Interestingly, these models were all (perhaps with the exception of housing career) created in the American context. While Canadian culture is similar, there are a number of marked differences between Canadian and American cities. First and foremost, Canada’s population is concentrated in very few large cites, and a good number of mid-sized ones. Toronto (5.1 million), Montreal (3.6 million), and Vancouver (2.1 million) are the Big Three. Following them are Ottawa-Gatineau (1.1 million), Calgary (1.1 million), Edmonton (715,500), Winnipeg (694,600), and Hamilton (692,900). Sixty percent of immigrants settle in the Big Three; the vast majority end up in Toronto (over 40%). Almost half (2.2 million) of Toronto’s population are immigrants.

Secondly, even back in the 1970s, researchers remarked that Toronto did not have a “race problem”. This is not to deny the racism faced by Chinese and South Asian Canadians a century ago, nor that faced by the Jewish and Italian communities until the 1960s (in fact, these four groups are still among the most segregated in Canadian cities). However, Canadian cities are devoid of the large swathes of inner city segregation common to many American cities.

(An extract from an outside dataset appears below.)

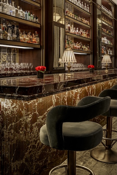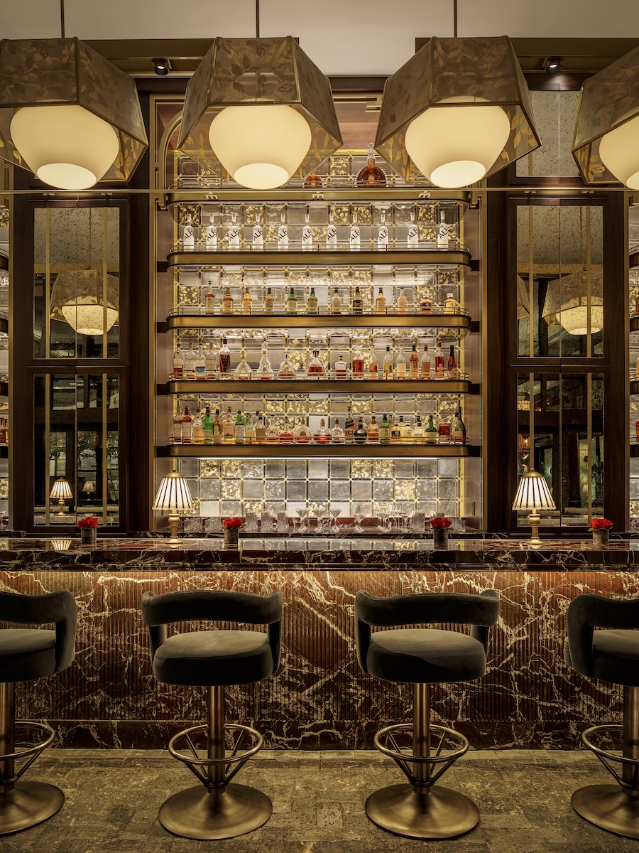 “Designing the lobby bar meant creating a space that feels both rooted in the Setai’s Art Deco legacy and alive with modern, intimate energy,” says Sean Saladino, chief designer at Saladino Design Studios. “Each material was chosen to evoke warmth and quiet drama, from the sculptural resin forms of the back bar to the carved stone and brass details. The result is a bar that doesn’t simply sit within the lobby—it becomes a glowing centerpiece that celebrates the hotel’s timeless elegance.”
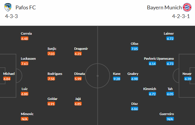Thông tin kèo bóng đá Pafos vs Bayern Munich:

University of Toronto researchers Alan Walks and Larry Bourne studied residential segregation in all 27 Canadian Census Metropolitan Areas. While largest cities had the highest proportion of segregated neighbourhoods, there were no ghettos (which were classified as census tracts having at least 70% minority residents, 66% from one single ethnic group and at least 30% of ethnic group members living in such neighbourhoods). Although some groups were segregated, none approached the level of segregation experienced by African Americans in the US. Further, Walks and Bourne found that residential segregation decreased from 1991-2001, but many visible minority groups were moving into areas with high proportions of other visible minorities. The researchers linked this to the availability of low-rent apartment housing and increasing affordability problems among new immigrants. Other researchers have found that rising rates of segregation are in fact due to the fact that a commonly-used method, the Index of Segregation, measures the extent to which minority group members are exposed only to one another in their neighbourhood. As Canadian cities become more diverse, this likelihood increases, resulting in higher rates of segregation.

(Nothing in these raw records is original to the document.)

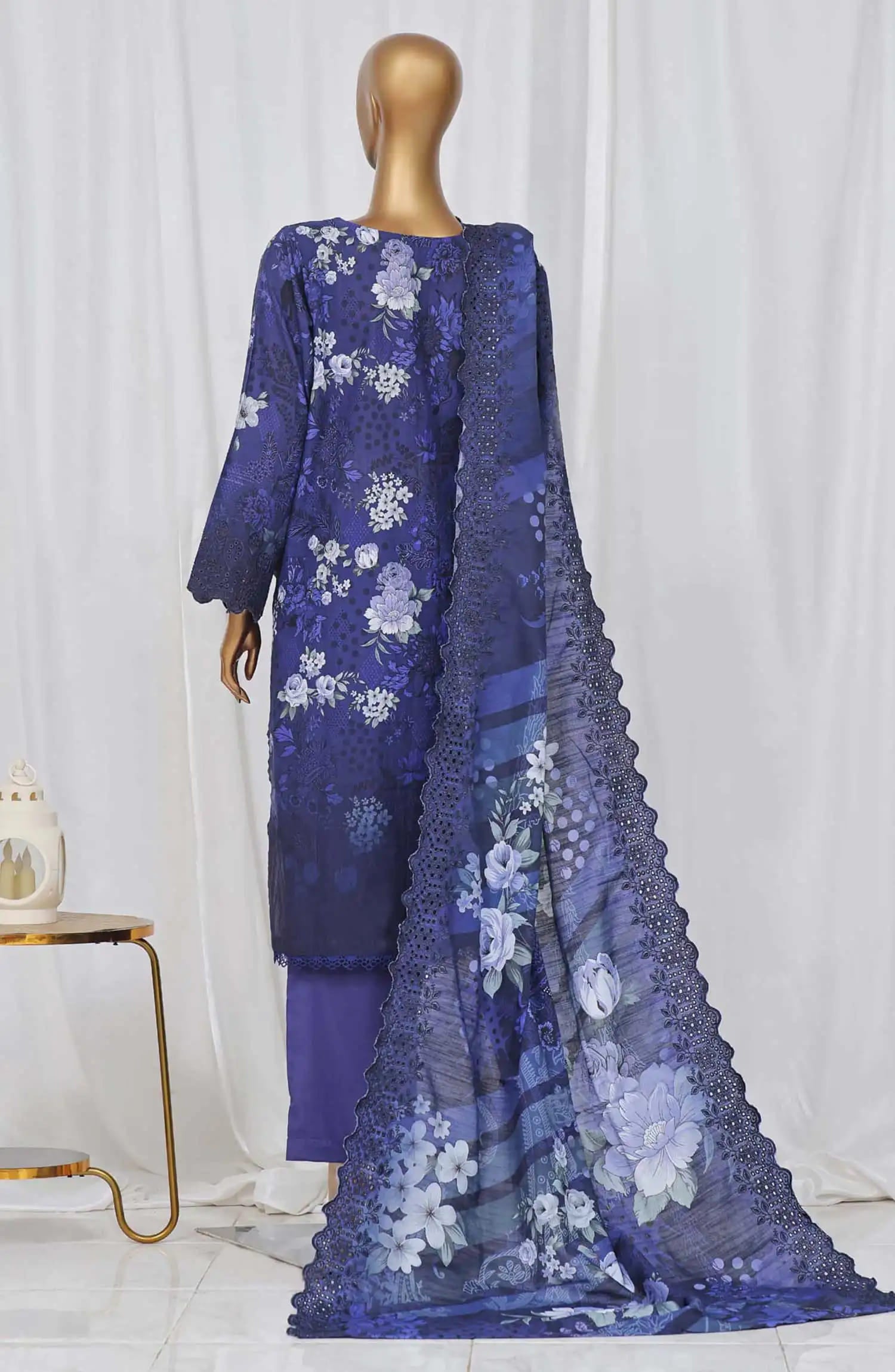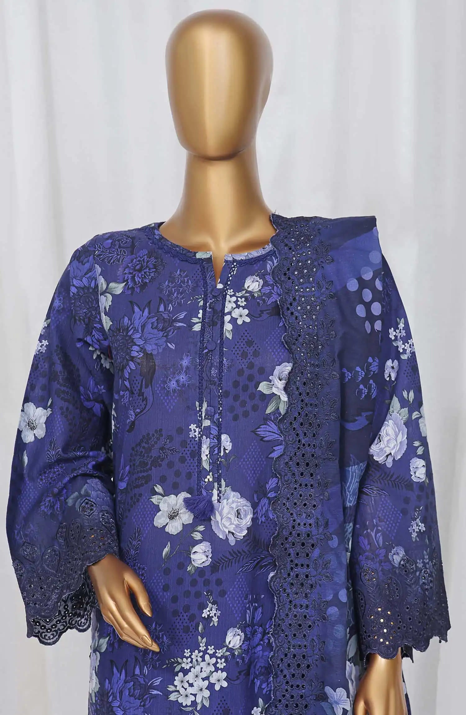 Modest Embroidered Chiffon Stitched 3 Piece Suit - 9825-Blu - MOD25PRF - Blue - Festive Girls Collection
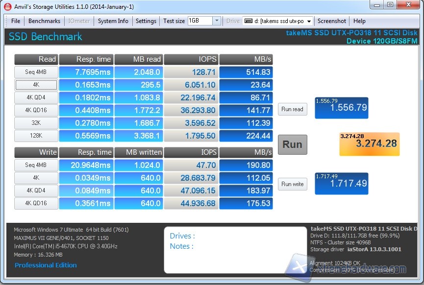 Questo nuovo bench introdotto nella nostra suite di test, chiamato Anvil's Storage Utilities, è pensato appositamente per gli SSD ed è in grado di testare i drive sotto ogni aspetto. I risultati ottenuti sono sempre molto elevati. Con lo stesso Benchmark abbiamo provveduto ad effettuare i test occupando parte del drive, è interessante notare come lo score non differisce di molto da quello ottenuto ad SSD vuoto.
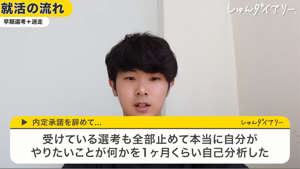 そのとき「このまま内定承諾したら後悔する」と思って、すべての選考を止めて、もう一度自己分析をやり直すことにしました。
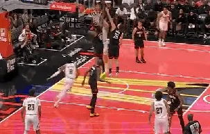 第三節(jié)比賽,炸裂約基奇運球加速突破起飛,隔扣迎著兩人防守單臂炸裂隔扣。流言兩人
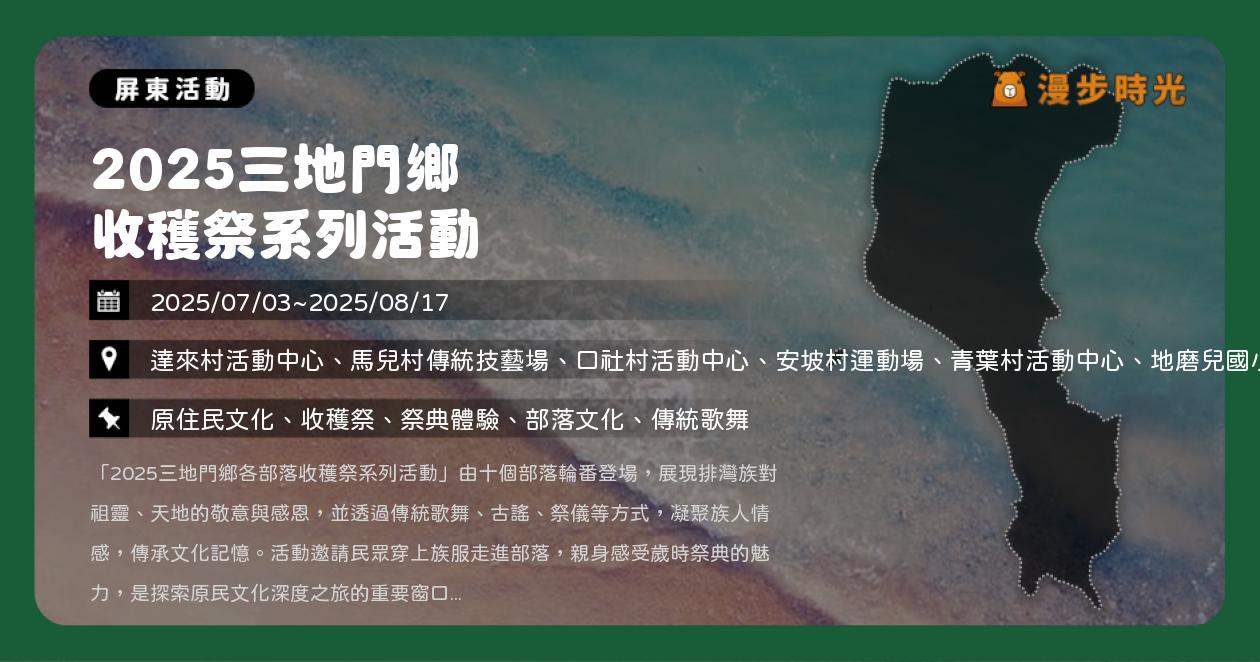 2025三地門鄉各部落收穫祭系列活動的時間為2025年07月03日~2025年08月17日,地點在屏東縣三地門鄉各部落聚會所及活動中心。這是一場延續傳統與族群文化記憶的重要祭典,也是一年一度由族人共同參與的歲時祭儀。

These differences between Canadian and American cities are crucial. In addition to this are trends common in postindustrial cities. Toronto and Vancouver in particular have tight housing markets and competitive rents. Combined with structural changes like immigration policy and economic restructuring, immigrants cannot possibly settle in Canadian cities following the concentric pattern established in the interwar period in the US. Numerous articles have explored the causes behind immigrants’ settlement directly in suburban areas in these two cities (see ‘Immigrants prefer suburbs to living in core areas’, Globe and Mail, March 31, 2008). Some, like Anthony Reinhart, imply that while the housing career model is incorrect here (immigrants are settling directly in single-family housing rather than transitioning into it gradually) the core principles of spatial assimilation are intact (immigrants are choosing the most desirable housing location). But in a city with high housing prices and high rents, are immigrants choosing the most desirable housing, or simply the most affordable? Are they, in fact, ‘choosing’ at all, when inner city neighbourhoods are increasingly dominated by luxury condos beyond their means? This remains to be seen.

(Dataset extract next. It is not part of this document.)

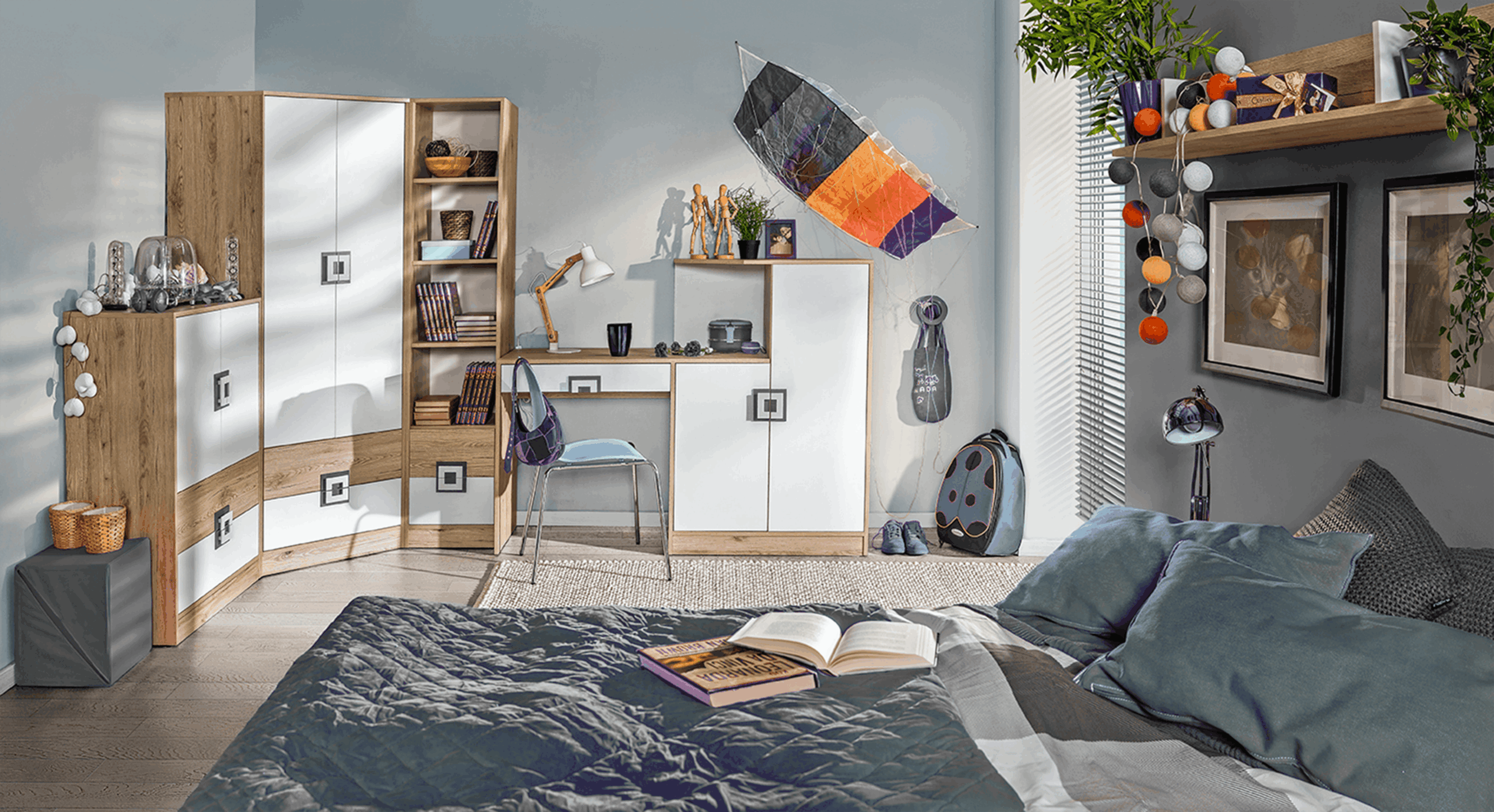 Kolekcja mebli Vamex to nowoczesne, młodzieżowe rozwiązanie w kolorach jasnego dębu, różu, szarości, turkusu i bieli, idealnie sprawdzające się w pokoju sypialnianym. Dzięki uniwersalnemu designowi, meble z tej kolekcji wprowadzą do wnętrza świeżość i styl, a ich funkcjonalność sprawia, że równie dobrze prezentują się także w innych pomieszczeniach.

Finally, should these models continue to drive our planning practices? For example, is it acceptable that the most desirable areas to live in are at the edge of the city? Is this true in today’s postmodern city with a strong demand for urban loft living? Should we focus housing policy on homeownership, at the expense of rental housing, co-operatives and other tenure types? When the average family cannot afford a home in Toronto or Vancouver, perhaps it is time for policy shift. In our multicultural country, is it acceptable that we expect immigrants to integrate into suburban neighbourhoods with the Canadian-born? Or have we finally accepted the idea that ethnic neighbourhoods and mixed neighbourhoods can co-exist? The media storm on this issue indicates that we have not.